Items from a data source:

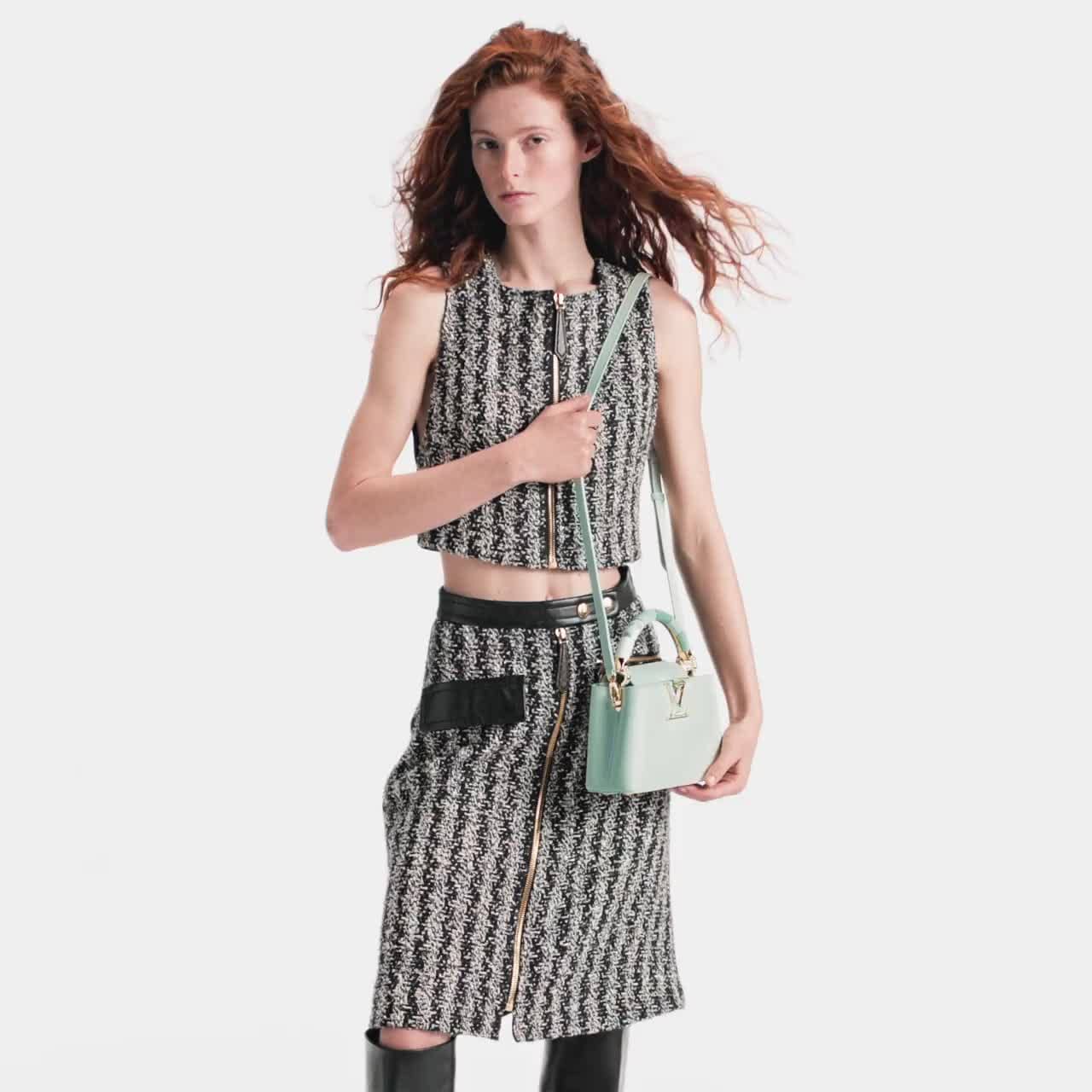 For Spring 2023, Louis Vuitton proposes a refined edition of the Capucines Mini bag in pale green Taurillon leather. The jewel-like handle, inspired by the Japanese art kintsugi, is crafted from precious karung skin, upcycled leathers and resin. A romantic flower motif adorns the bag’s iconic LV signature, a sublimely feminine touch. This is a delicate accessory for day-to-evening wear.
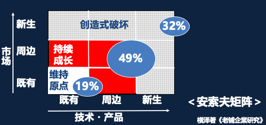 著名的管理学家安索夫提出过一个技术和产品是横轴,市场为纵轴“安索夫矩阵”理论的经营战略分析图。我借鉴安索夫理论,如下图将市场和产品都分为3部分,分析日本的百年企业的多角化战略。
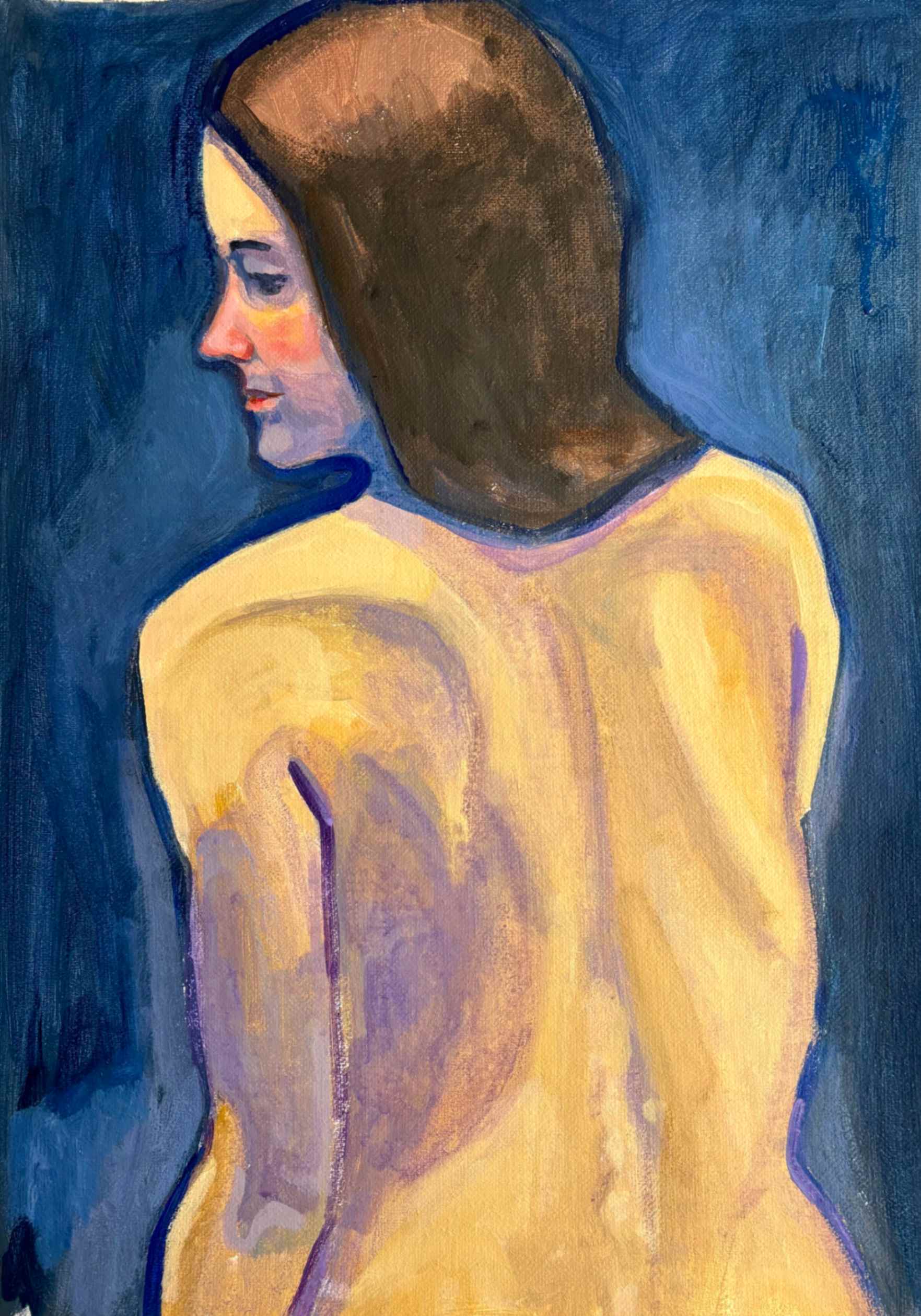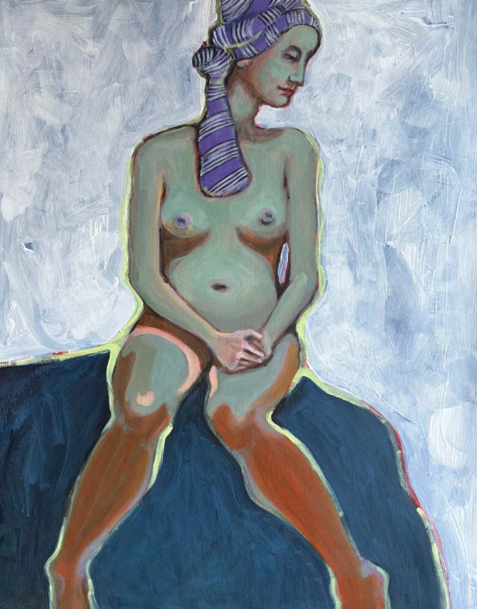 “Blue ” woman seated
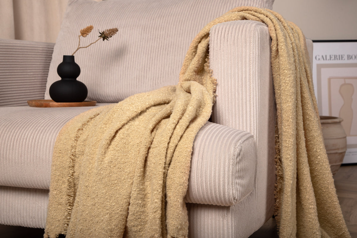 Pläden Stanly är tillverkad i polyester och har en stilren och följsam känsla i ett tunnare material. Pläden finns i fem olika jordnära kulörer som du enklelt matchar med annan inredning i hemmet. Använd som dekorativ inredning på sängen eller soffan, eller vira in dig i pläden när du läser en god bok framför brasan för en mysigare känsla!
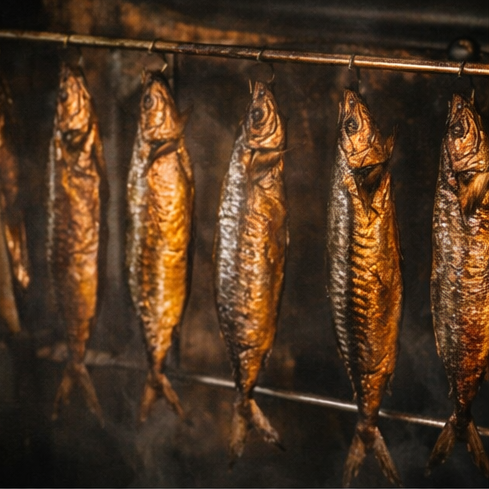 Bold and savoury, this Atlantic mackerel is traditionally smoked to enhance its natural richness and firm bite.

> Task statement:
Please reproduce every record exactly as written, excluding the pictures.

> Answer space:
 For Spring 2023, Louis Vuitton proposes a refined edition of the Capucines Mini bag in pale green Taurillon leather. The jewel-like handle, inspired by the Japanese art kintsugi, is crafted from precious karung skin, upcycled leathers and resin. A romantic flower motif adorns the bag’s iconic LV signature, a sublimely feminine touch. This is a delicate accessory for day-to-evening wear.
 著名的管理学家安索夫提出过一个技术和产品是横轴,市场为纵轴“安索夫矩阵”理论的经营战略分析图。我借鉴安索夫理论,如下图将市场和产品都分为3部分,分析日本的百年企业的多角化战略。
 “Blue ” woman seated
 Pläden Stanly är tillverkad i polyester och har en stilren och följsam känsla i ett tunnare material. Pläden finns i fem olika jordnära kulörer som du enklelt matchar med annan inredning i hemmet. Använd som dekorativ inredning på sängen eller soffan, eller vira in dig i pläden när du läser en god bok framför brasan för en mysigare känsla!
 Bold and savoury, this Atlantic mackerel is traditionally smoked to enhance its natural richness and firm bite.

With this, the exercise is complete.